Although it’s commonly believed that pythons temporarily disjoint their jaws to swallow their prey, it’s not the case. The snake’s jaws move almost completely independent of one another anyway. The lower jaw is loosely connected to the snake’s skull by a “quadrate bone.” Unfortunately, this python’s days of surprising megafauna are over.

5. Spiky Meal

When researchers sliced snake’s stomach open, they were surprised by this somewhat disturbing sight. The snake’s bulging flesh peels back to reveal the partially-digested prey of a very large porcupine. The brown objects appear to be vertebrae. Even at this stage, you really can’t tell what that thing is… To me, it still looks like a lump of flesh with thick fur.
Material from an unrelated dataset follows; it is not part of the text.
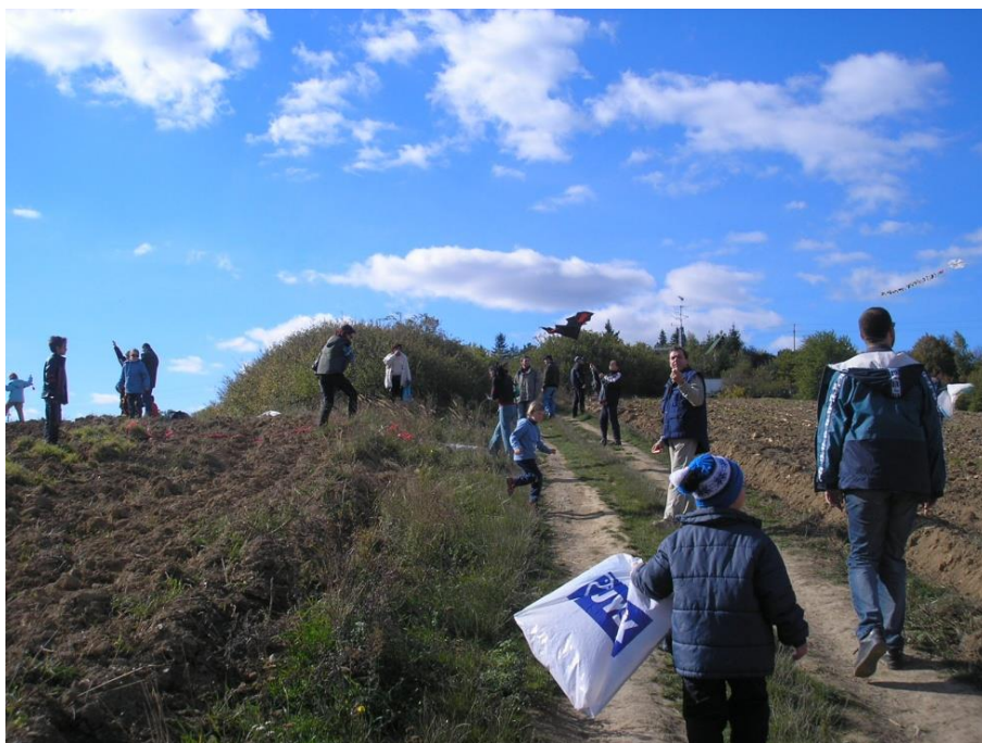
Rychle na kopec, dokud vítr fouká...

It’s a brave snake that will eat a fully-grown porcupine that’s as big as a dog. The gamble obviously did not pay off for the snake, though. As it became his last meal.

4. 30 Pound Porcupine

The porcupine somehow came out of the snake looking less worse than the snake. It was huge compared to a typical porcupine, but not that huge in comparison to other members of its species.

Cape porcupines are the largest rodents in southern Africa and the largest species of porcupine in the world. Thirty pounds isn’t that unusually large for a Cape porcupine. The really big ones can grow up to 66 pounds!

Their spines are typically two inches long and are distributed with shorter defensive quills. Cape porcupines’ tail spines are hollow, and they shake them to make a warning noise, just like a rattlesnake.

3. Falling Off The Edge

The researchers who examined the python’s body believed that it likely would have survived had it not fallen off of the rock ledge under which they found it. Even with a stomach full of spines.

Even though the porcupine was so large and covered in quills, the Python is a remarkably tough animal. When they swallow large prey, they can not only alter their metabolism to help the digestive process; they can even make their organs smaller to make more room for their food.

Had the python not fallen off the edge, it would have been able to safely eliminate the indigestible spines after dissolving the porcupine’s flesh. Amazing, isn’t it?

2. Pythons Eat Porcupines

Though you would never have thought of it, porcupines are regular prey animals for pythons. Most pythons manage to eat porcupines, even large ones, without dying. Although it was possible that the undigested quills punctured its internal organs and killed it, the most likely scenario is that the force of the snake’s fall from the rocky ledge led to internal wounds. Who would have thought your meal would end up killing you?

Pythons have appetites as large as even larger than their bodies, which can lead them to make some interesting culinary choices. A snake was even seen eating a crocodile so you’ll never know.

1. In The Name of Research

After removing the porcupine from the snake’s gut, its skin was removed. Researchers were able to collect data that will help us better understand the snakes and their eating habits.

Rock pythons are not endangered, although they are threatened in some areas due to people killing them out of fear. They are particularly large and unpredictable kind of python, so the fear is understandable. African rock pythons are an invasive species in the Florida Everglades and pose a threat to native species there. It is legal to hunt them in Florida.

There you have it. Now that we know and have seen that snakes can eat a porcupine, we can say we’ve seen it all. Who knew that pythons were that tough?

Most animals in the animal kingdom avoid these animals because of their spines but this snake wasn’t worried about it. Unfortunately, because of it’s post meal condition it wasn’t able to save itself from falling off the edge and eventually being doomed to its death.